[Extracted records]

——

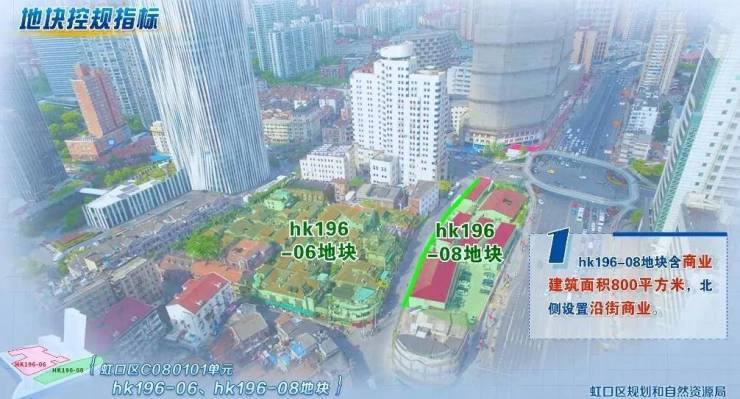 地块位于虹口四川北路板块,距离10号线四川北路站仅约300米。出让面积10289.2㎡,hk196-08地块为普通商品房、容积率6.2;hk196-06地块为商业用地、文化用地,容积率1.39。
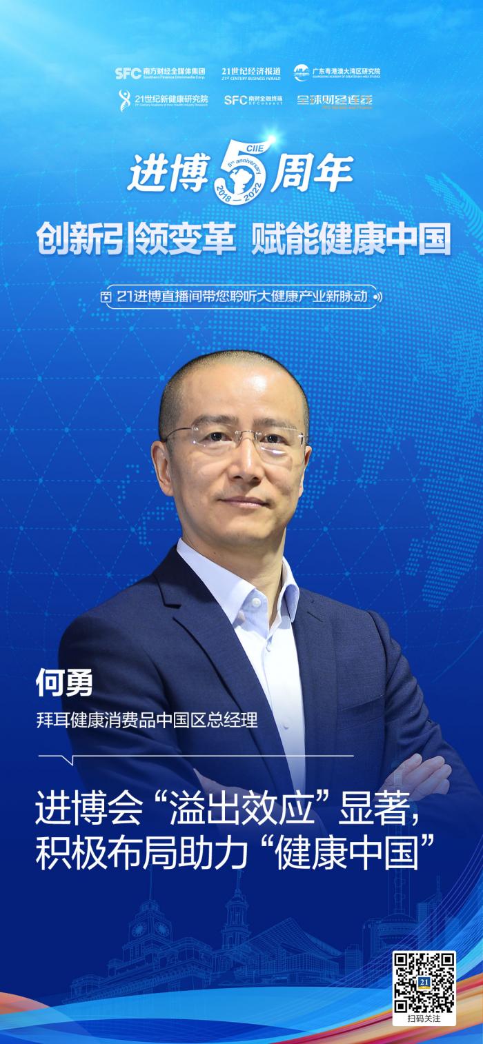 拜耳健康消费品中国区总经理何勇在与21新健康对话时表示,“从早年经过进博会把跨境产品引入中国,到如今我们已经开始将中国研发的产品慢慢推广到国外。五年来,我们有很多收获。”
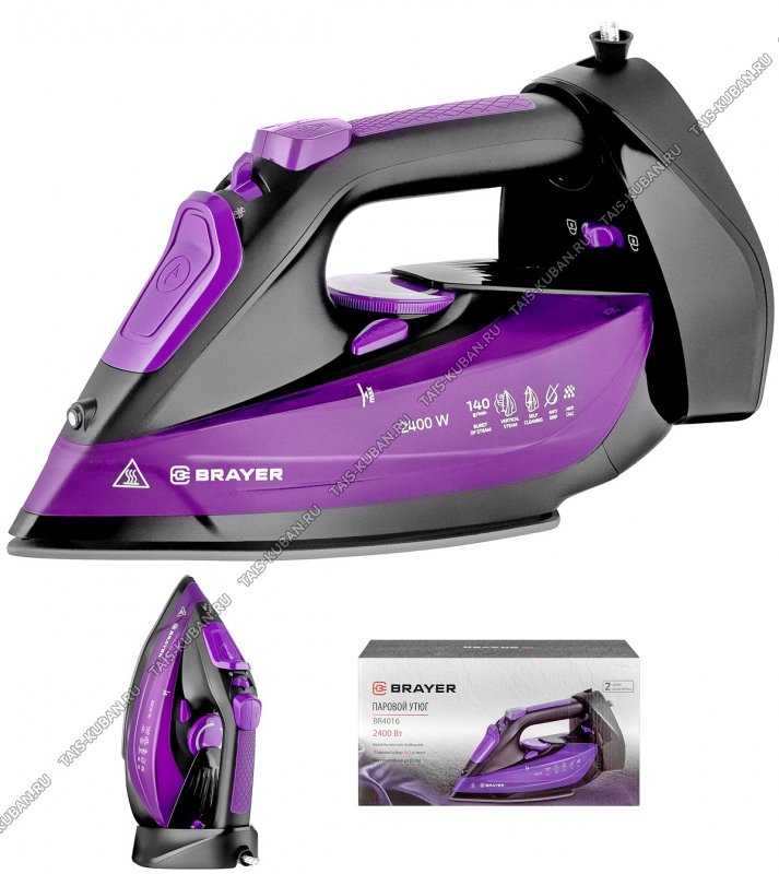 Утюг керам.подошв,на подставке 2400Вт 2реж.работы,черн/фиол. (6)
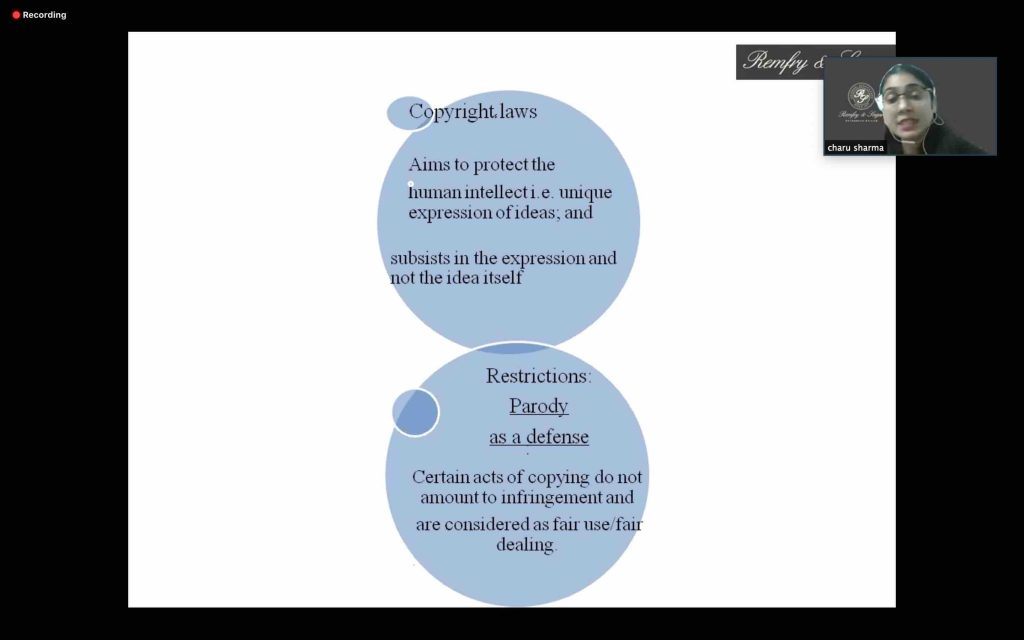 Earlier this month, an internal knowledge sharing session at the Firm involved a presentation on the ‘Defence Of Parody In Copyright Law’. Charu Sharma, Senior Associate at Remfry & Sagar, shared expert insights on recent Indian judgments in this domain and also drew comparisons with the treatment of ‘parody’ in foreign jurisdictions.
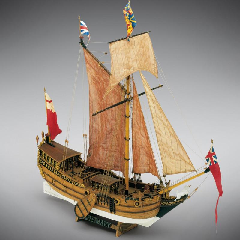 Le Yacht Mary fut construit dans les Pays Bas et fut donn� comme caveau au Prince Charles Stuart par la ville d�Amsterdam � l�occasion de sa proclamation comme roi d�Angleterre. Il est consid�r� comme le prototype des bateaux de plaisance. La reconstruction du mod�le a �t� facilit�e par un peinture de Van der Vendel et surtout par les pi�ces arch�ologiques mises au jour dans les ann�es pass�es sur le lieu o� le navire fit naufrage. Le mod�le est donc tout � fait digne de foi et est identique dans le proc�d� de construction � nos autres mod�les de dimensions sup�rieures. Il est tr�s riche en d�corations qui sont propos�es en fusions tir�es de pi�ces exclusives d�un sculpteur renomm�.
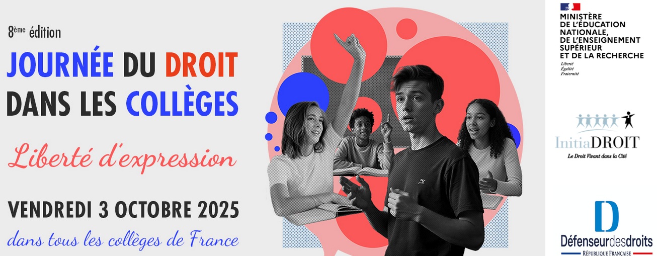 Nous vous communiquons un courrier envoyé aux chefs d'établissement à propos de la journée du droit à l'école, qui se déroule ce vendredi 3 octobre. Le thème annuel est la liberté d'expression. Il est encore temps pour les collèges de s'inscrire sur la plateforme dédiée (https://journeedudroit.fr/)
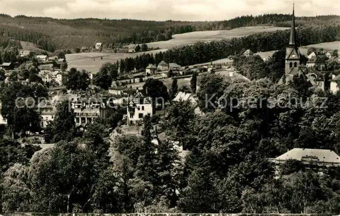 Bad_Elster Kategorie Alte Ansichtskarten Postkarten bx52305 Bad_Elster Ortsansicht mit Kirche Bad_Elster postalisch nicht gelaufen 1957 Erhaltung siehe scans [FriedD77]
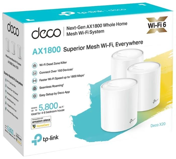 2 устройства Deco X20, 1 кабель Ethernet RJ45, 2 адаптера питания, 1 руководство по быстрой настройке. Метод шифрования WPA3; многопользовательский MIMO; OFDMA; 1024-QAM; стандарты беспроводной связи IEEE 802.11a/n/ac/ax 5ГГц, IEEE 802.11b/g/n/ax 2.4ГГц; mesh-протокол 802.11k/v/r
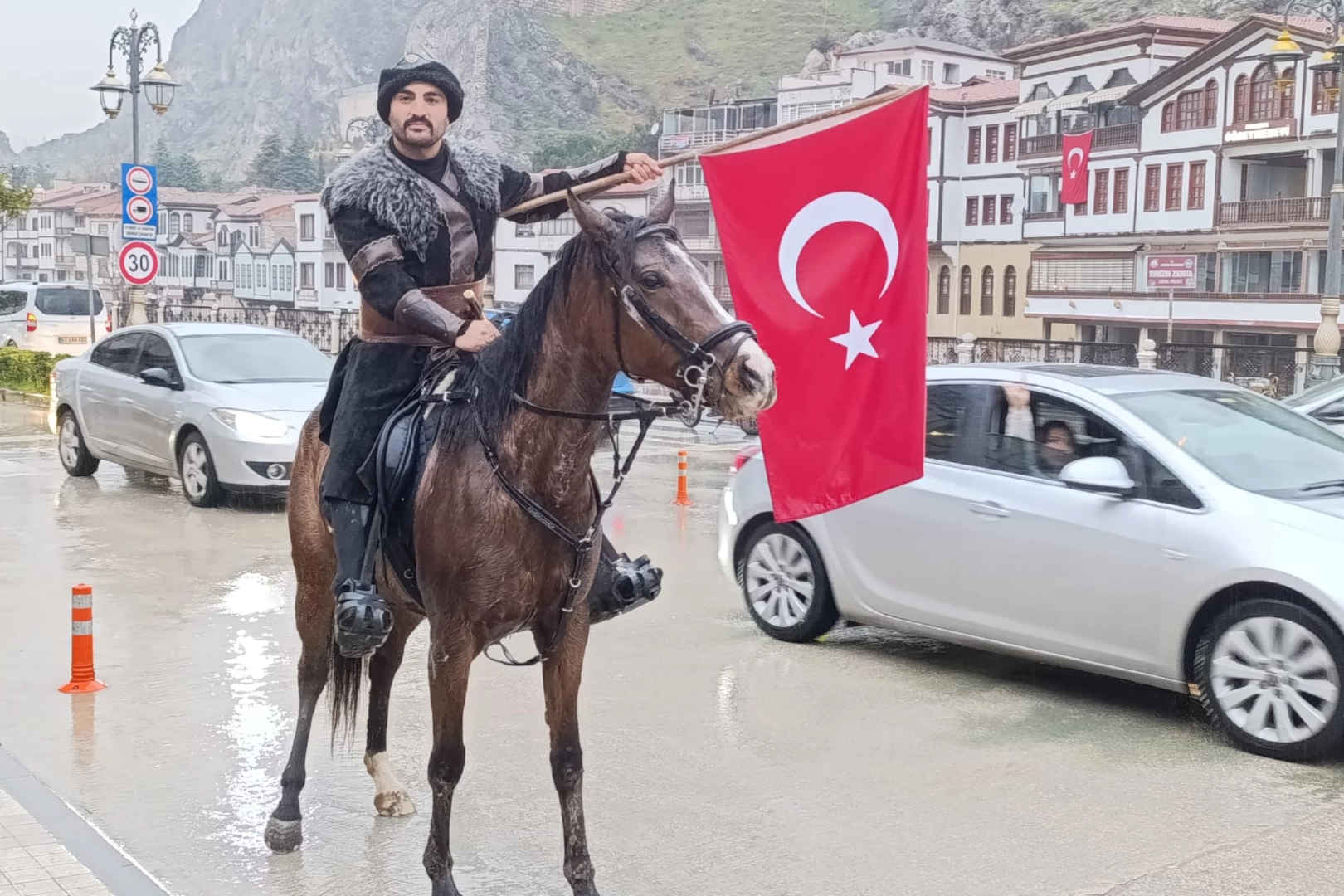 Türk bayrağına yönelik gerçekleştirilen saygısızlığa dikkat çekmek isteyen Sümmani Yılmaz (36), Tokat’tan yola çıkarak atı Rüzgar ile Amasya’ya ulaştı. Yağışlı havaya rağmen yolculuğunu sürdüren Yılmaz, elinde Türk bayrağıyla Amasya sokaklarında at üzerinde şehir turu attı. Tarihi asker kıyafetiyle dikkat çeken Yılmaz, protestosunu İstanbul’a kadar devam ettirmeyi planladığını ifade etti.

——

▸ **What is needed**
Print the records again exactly. Skip every picture.

▸ **Written response**
 地块位于虹口四川北路板块,距离10号线四川北路站仅约300米。出让面积10289.2㎡,hk196-08地块为普通商品房、容积率6.2;hk196-06地块为商业用地、文化用地,容积率1.39。
 拜耳健康消费品中国区总经理何勇在与21新健康对话时表示,“从早年经过进博会把跨境产品引入中国,到如今我们已经开始将中国研发的产品慢慢推广到国外。五年来,我们有很多收获。”
 Утюг керам.подошв,на подставке 2400Вт 2реж.работы,черн/фиол. (6)
 Earlier this month, an internal knowledge sharing session at the Firm involved a presentation on the ‘Defence Of Parody In Copyright Law’. Charu Sharma, Senior Associate at Remfry & Sagar, shared expert insights on recent Indian judgments in this domain and also drew comparisons with the treatment of ‘parody’ in foreign jurisdictions.
 Le Yacht Mary fut construit dans les Pays Bas et fut donn� comme caveau au Prince Charles Stuart par la ville d�Amsterdam � l�occasion de sa proclamation comme roi d�Angleterre. Il est consid�r� comme le prototype des bateaux de plaisance. La reconstruction du mod�le a �t� facilit�e par un peinture de Van der Vendel et surtout par les pi�ces arch�ologiques mises au jour dans les ann�es pass�es sur le lieu o� le navire fit naufrage. Le mod�le est donc tout � fait digne de foi et est identique dans le proc�d� de construction � nos autres mod�les de dimensions sup�rieures. Il est tr�s riche en d�corations qui sont propos�es en fusions tir�es de pi�ces exclusives d�un sculpteur renomm�.
 Nous vous communiquons un courrier envoyé aux chefs d'établissement à propos de la journée du droit à l'école, qui se déroule ce vendredi 3 octobre. Le thème annuel est la liberté d'expression. Il est encore temps pour les collèges de s'inscrire sur la plateforme dédiée (https://journeedudroit.fr/)
 Bad_Elster Kategorie Alte Ansichtskarten Postkarten bx52305 Bad_Elster Ortsansicht mit Kirche Bad_Elster postalisch nicht gelaufen 1957 Erhaltung siehe scans [FriedD77]
 2 устройства Deco X20, 1 кабель Ethernet RJ45, 2 адаптера питания, 1 руководство по быстрой настройке. Метод шифрования WPA3; многопользовательский MIMO; OFDMA; 1024-QAM; стандарты беспроводной связи IEEE 802.11a/n/ac/ax 5ГГц, IEEE 802.11b/g/n/ax 2.4ГГц; mesh-протокол 802.11k/v/r
 Türk bayrağına yönelik gerçekleştirilen saygısızlığa dikkat çekmek isteyen Sümmani Yılmaz (36), Tokat’tan yola çıkarak atı Rüzgar ile Amasya’ya ulaştı. Yağışlı havaya rağmen yolculuğunu sürdüren Yılmaz, elinde Türk bayrağıyla Amasya sokaklarında at üzerinde şehir turu attı. Tarihi asker kıyafetiyle dikkat çeken Yılmaz, protestosunu İstanbul’a kadar devam ettirmeyi planladığını ifade etti.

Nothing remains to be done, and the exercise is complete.